Suara para ahli
Sejumlah pakar gizi memberikan pandangan berbeda. Dr. James Betts, peneliti dari University of Bath, Inggris, menyatakan bahwa klaim sarapan mempercepat metabolisme tidak sepenuhnya benar.
“Metabolisme tubuh berjalan sepanjang hari. Apa yang Anda makan saat pagi atau sore, efek termisnya relatif sama,” ungkapnya dalam wawancara dengan BBC.
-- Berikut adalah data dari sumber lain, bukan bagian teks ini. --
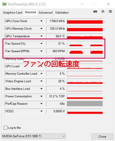 GPU-Zで時系列にファンの回転を拾っても、動いたり止まったりしているのが分かります。下記の画面は、アイドル状態ではなく、HD動画のエンコード中の動作です。
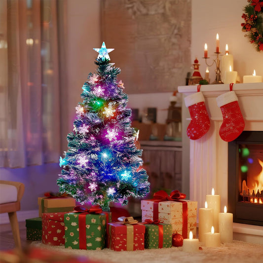 Illuminate Your Holidays with the Stunning Prsildan 3 FT Pre-Lit Optical Fiber Christmas Tree Featuring Multicolor LED Lights and Charming Snowflakes
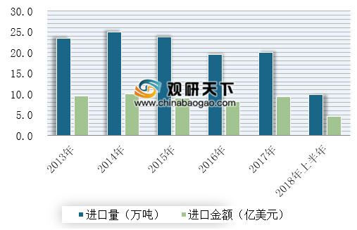 玻璃纖維及其制品進口情況,2014年之后,中國玻璃纖維及其制品進口量和進口金額呈下降趨勢。2017年,國內(nèi)需求旺盛,進口量及進口金額開始回暖;其中進口量為20萬噸,同比增長2.5%,進口金額為9.3億美元,同比增長13.6%。2018年上半年,玻璃纖維及制品進口量為9.8萬噸,進口產(chǎn)品金額4.6億美元。
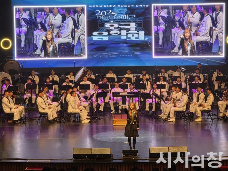 해군 제3함대사령부는 15일 오후 7시 목포시민문화체육센터 대공연장에서 해군 창설 80주년을 기념해 ‘전남도민과 함께하는 2025 대한민국해군 호국음악회’를 성대히 개최했다.사진은 초청가수 '경서' 공연모습(사진=송상교 기자)
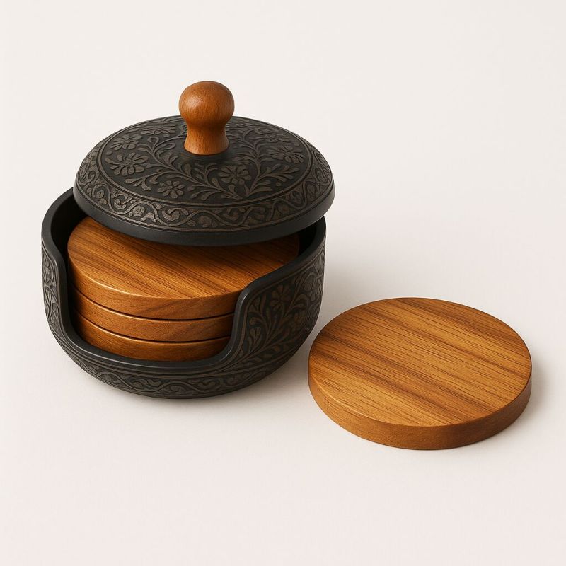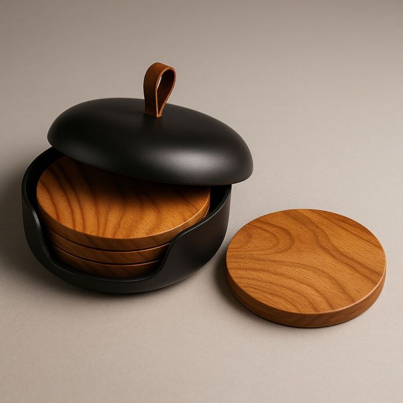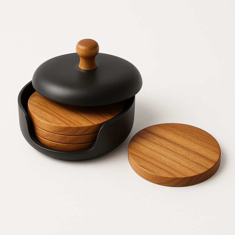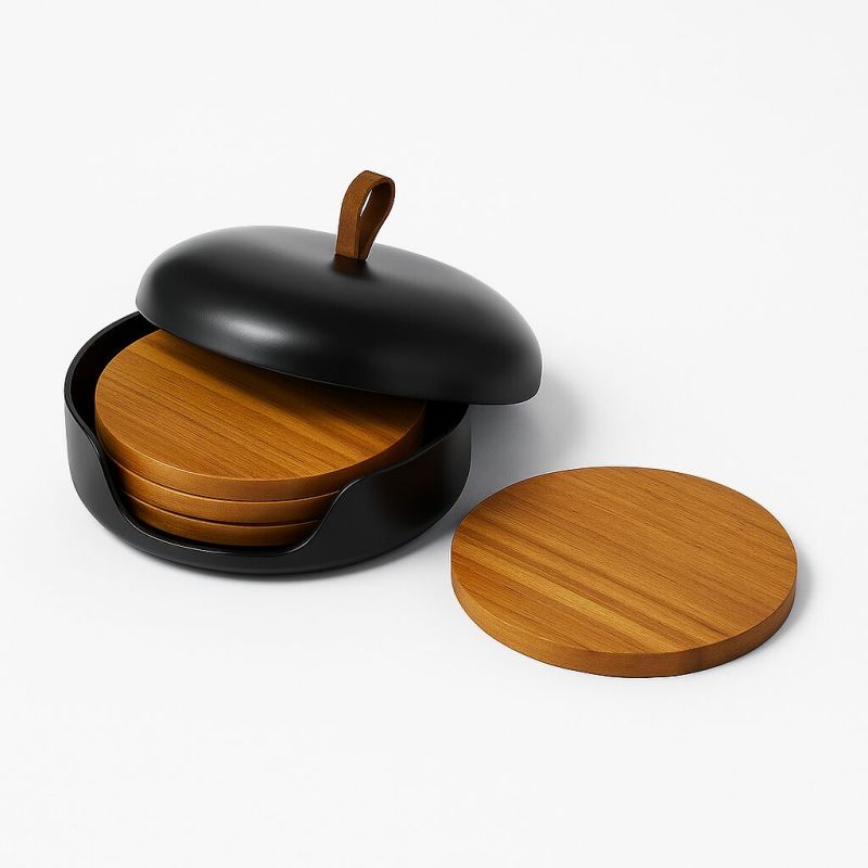 Leading Manufacturer, Supplier & Retailer of Elegant Acacia Wood Coaster Set with Stylish Black Storage Case Premium Drink for Home.
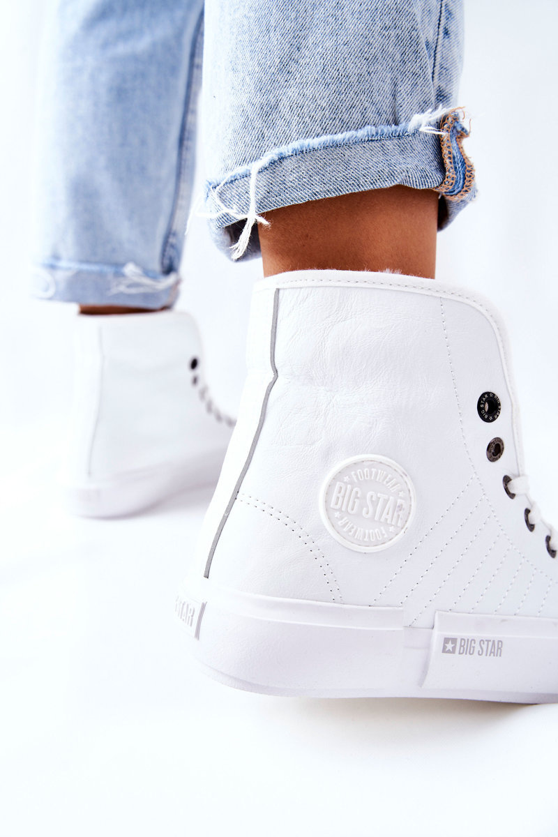Rewelacyjne trampki damskie Big Star to klasyka gatunku. Wygodne, uniwersalne trampki powinny znaleźć się w szafie każdej kobiety. Możesz zestawić je zarówno ze spodniami, jak i sukienkami czy spódnicami. Wykonane z eko skóry. Można je wywinąć. w środku posiadają ocieplenie w postaci delikatnego futerka.
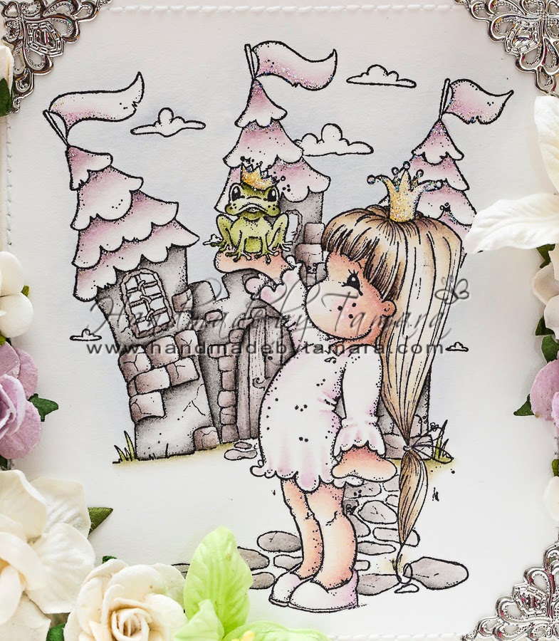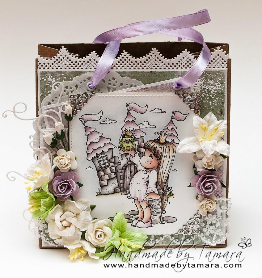 I made a gift bag on which I masked two Magnolia stamps: Tilda’s castle and Tilda with prince froggy. I rarely use green colour, but I had to colour prince froggy in green (I think it would have been a little strange if princes would be kissing orange or blue frog, right?).
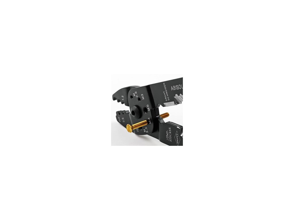 K stříhaní kabelů, odizolování drátů a lisování izolovaných a neizolovaných kabelových ok a konektorů a otevřených konektorů. S otvory se závitem k stříhání měděných nebo mosazných závitových kolíků s M 2,6- M 3- M 3,5- M 4 a M 5. šroubovaný kloub pro vysokou stabilitu a rovnoměrný chod. Speciální ocel, vysoce pevná.

Sementara itu, Prof. Satchin Panda dari Salk Institute, Amerika Serikat, yang dikenal lewat riset time-restricted eating (makan dalam jendela waktu tertentu), menekankan bahwa tidak sarapan bisa menjadi strategi sehat bila dijalankan secara konsisten.
“Melewatkan sarapan dapat memperpanjang periode puasa alami tubuh. Hal ini mendukung perbaikan metabolik, menurunkan kadar gula darah, serta meningkatkan sensitivitas insulin,” jelasnya.
Di Indonesia, dr. Tan Shot Yen, seorang dokter sekaligus pakar gizi komunitas, menegaskan bahwa kunci kesehatan bukan sekadar sarapan atau tidak sarapan.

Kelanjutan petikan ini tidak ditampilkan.